Oireachtas Joint and Select Committees

Tuesday, 14 October 2025

Joint Oireachtas Committee on Fisheries and Maritime Affairs

Quotas, Common Fisheries Policy and Sustainability Impact Assessment: Discussion

2:00 am

Photo of Pádraig Mac LochlainnPádraig Mac Lochlainn (Donegal, Sinn Fein)
Link to this: Individually | In context

It absolutely cannot be business as usual. As the Minister of State will know, Sinn Féin has welcomed the appointment of a dedicated Minister of State with responsibility for fisheries who is entirely focused on this sector. We have disastrous recommendations on mackerel, blue whiting and boarfish. Our mackerel industry is crucial. We have just heard evidence from the processor sector that mackerel accounts for 80% of the value of many of our factories. We also learned that we could end up with processing factories in only one area, Killybegs in County Donegal. I do not need to rhyme off the scale of this. The current situation did not just happen overnight. It happened over a number of years. I will be frank with the Minister of State. This country has repeatedly failed to defend our interests, year in and year out. We have an appalling strategy in terms of representation in the European Commission and European Parliament.

We have allowed this to happen. We have not spoken up when we have seen reckless overfishing. We name countries, such as Norway, the Faroe Islands and Iceland, and we talk about the role of Russia and the United Kingdom, but we also need to talk about the role of European Union-based corporations. Major corporations have built up pelagic industries in areas like Iceland and the Faroes. The Faroes are part of Denmark, a European Union member state.

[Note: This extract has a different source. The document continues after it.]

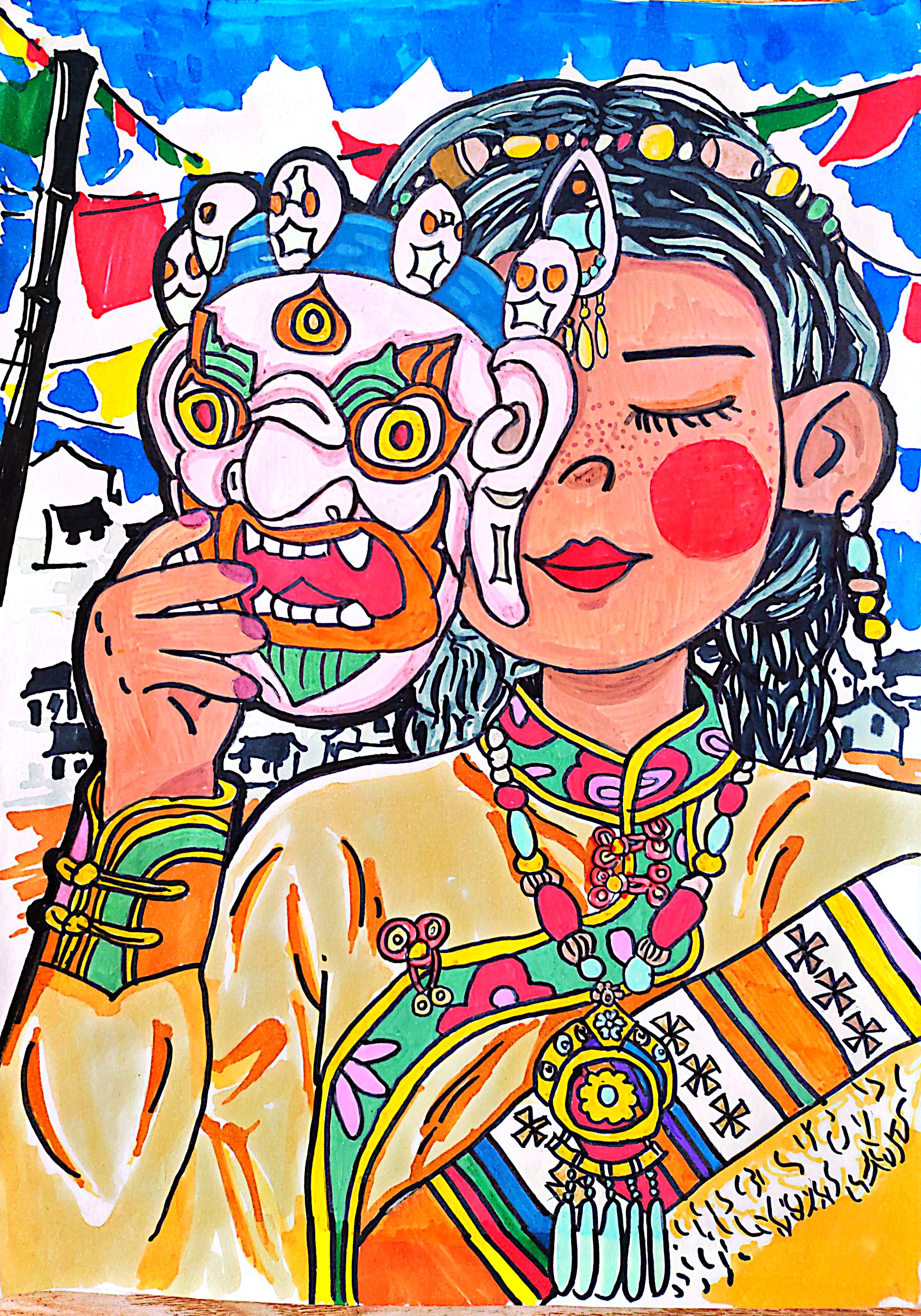 锚定西北少数民族的傩戏民俗——这一承载祈福、驱邪意涵的传统仪式,画中面具是傩戏里的典型"护法"造型,少女服饰的刺绣纹样取自当地羊毛绣工艺,背景村寨是西北高原聚居的石砌院落,隐约的经幡元素呼应地域信仰风貌。以鲜活色彩绘就少女与面具的互动,既还原了民俗活动的生动现场,也传递出西北少数民族文化里的热烈与传承温度。

We need to be frank. We have a European Union that has not stood up to the corporations that have recklessly overfished and destroyed a precious shared resource. They have abandoned the Irish fishing fleet again, as they did in the Brexit negotiations, which have been extended for another 12 years. Therefore, the injustice of the trade and co-operation agreement on the Irish fishing fleet has been extended for another 12 years. If that was not bad enough, we are now told that this is four times worse in its impact than Brexit was.

I want to get a sense of the game plan. We have a dedicated Minister of State. We need a fresh approach, not business as usual. It is a question of what that means in terms of dealing with the states and corporations in the European Union that have been involved in this reckless practice. What does that mean in terms of the supports that will be required? Even if the reckless overfishing stops tomorrow, what financial supports will the European Commission be asked to put on the table to save our industry and keep it alive? This has happened because of its utter, wilful failure to follow the science and confront the wrongdoers. I want to get a sense of the Minister of State's game plan and strategy, and the resources he is going to deploy.